[The task] There are pictures in the records below; leave them out and set down exactly the lines from the one holding "肩や首元にふわっと羽織ったり、ウエストに巻いたりするのが気分。" through the one holding "Los archivos de".

[Available data]
* * * * *

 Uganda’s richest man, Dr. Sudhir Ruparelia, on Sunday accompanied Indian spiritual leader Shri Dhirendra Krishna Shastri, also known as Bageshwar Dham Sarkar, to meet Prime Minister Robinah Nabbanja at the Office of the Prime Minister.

* * * * *

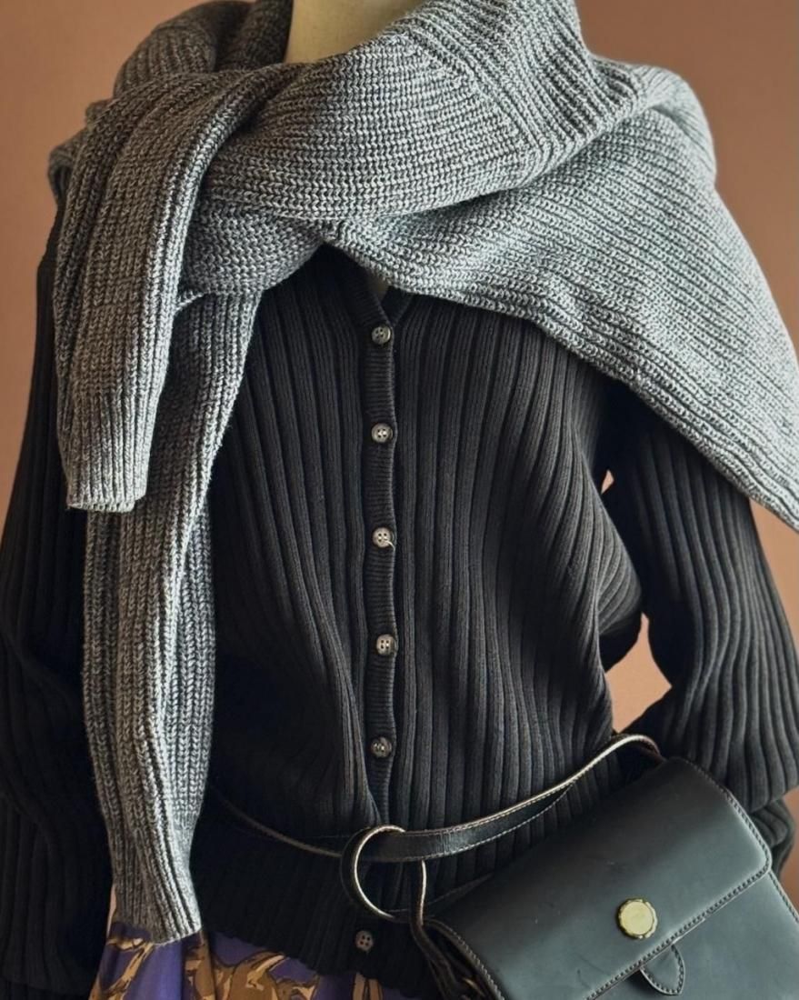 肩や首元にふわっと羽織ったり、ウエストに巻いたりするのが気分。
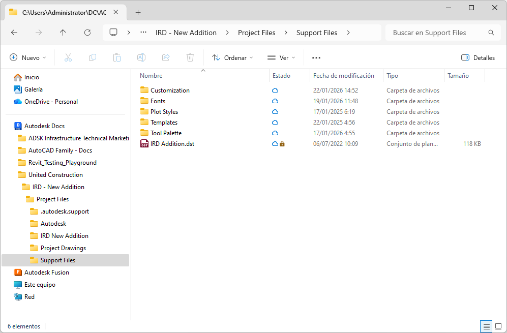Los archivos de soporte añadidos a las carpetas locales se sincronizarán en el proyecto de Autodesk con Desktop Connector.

* * * * *

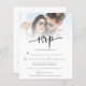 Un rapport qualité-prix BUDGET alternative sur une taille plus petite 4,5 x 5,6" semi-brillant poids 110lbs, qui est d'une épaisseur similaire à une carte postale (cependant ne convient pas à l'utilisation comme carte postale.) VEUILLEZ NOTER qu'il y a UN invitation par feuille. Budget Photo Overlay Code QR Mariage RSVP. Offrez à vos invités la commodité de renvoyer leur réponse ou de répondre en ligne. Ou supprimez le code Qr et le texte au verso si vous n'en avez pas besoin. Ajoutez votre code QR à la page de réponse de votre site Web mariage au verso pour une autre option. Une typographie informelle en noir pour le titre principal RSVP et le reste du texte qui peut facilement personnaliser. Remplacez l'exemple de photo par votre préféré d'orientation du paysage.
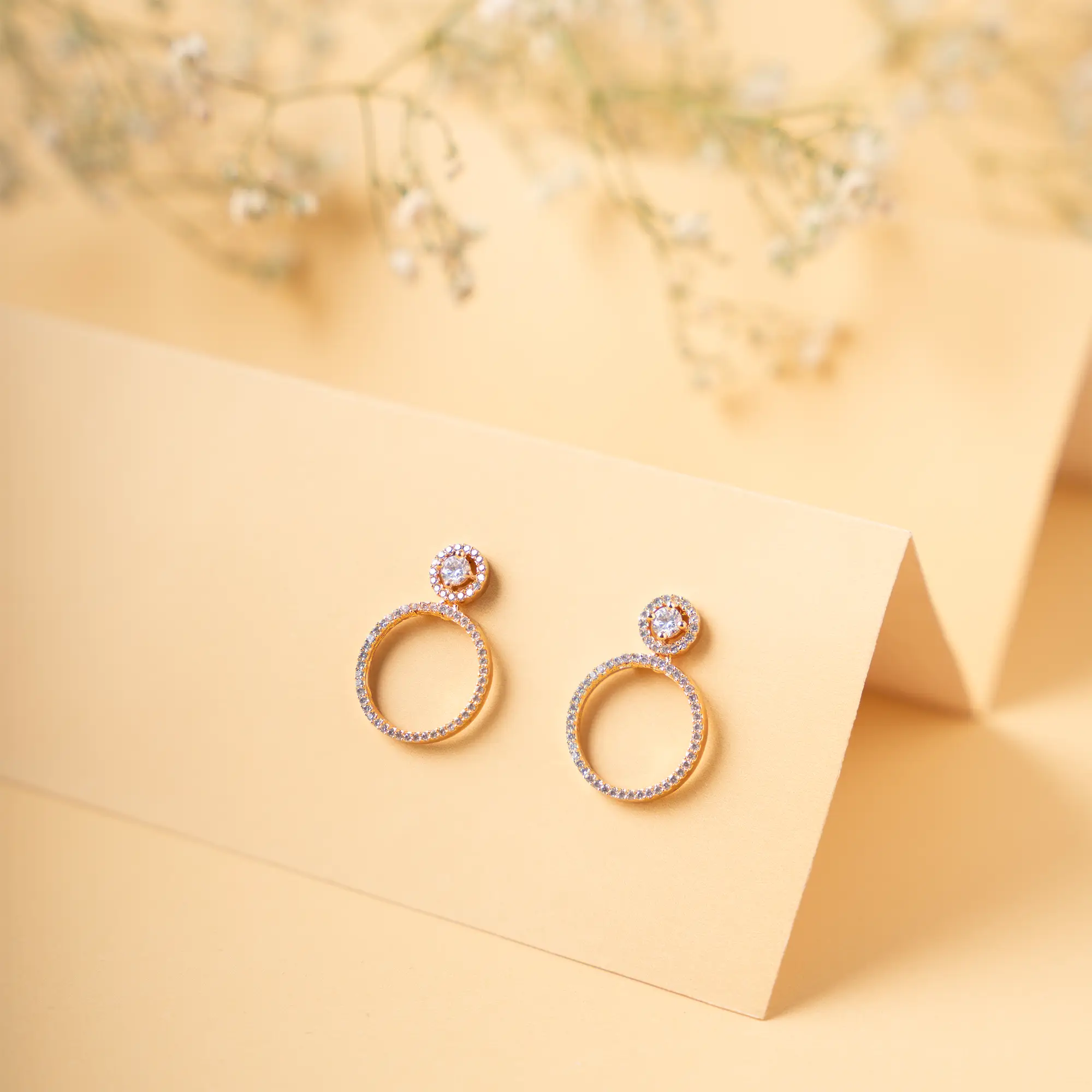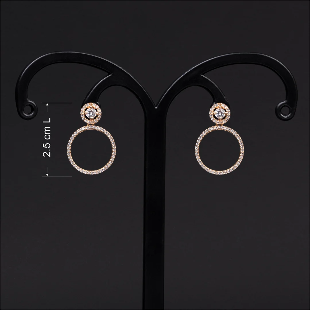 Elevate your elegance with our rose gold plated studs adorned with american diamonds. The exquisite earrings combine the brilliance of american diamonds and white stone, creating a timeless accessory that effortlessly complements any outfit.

* * * * *

[Exercise solution]
 肩や首元にふわっと羽織ったり、ウエストに巻いたりするのが気分。
Los archivos de soporte añadidos a las carpetas locales se sincronizarán en el proyecto de Autodesk con Desktop Connector.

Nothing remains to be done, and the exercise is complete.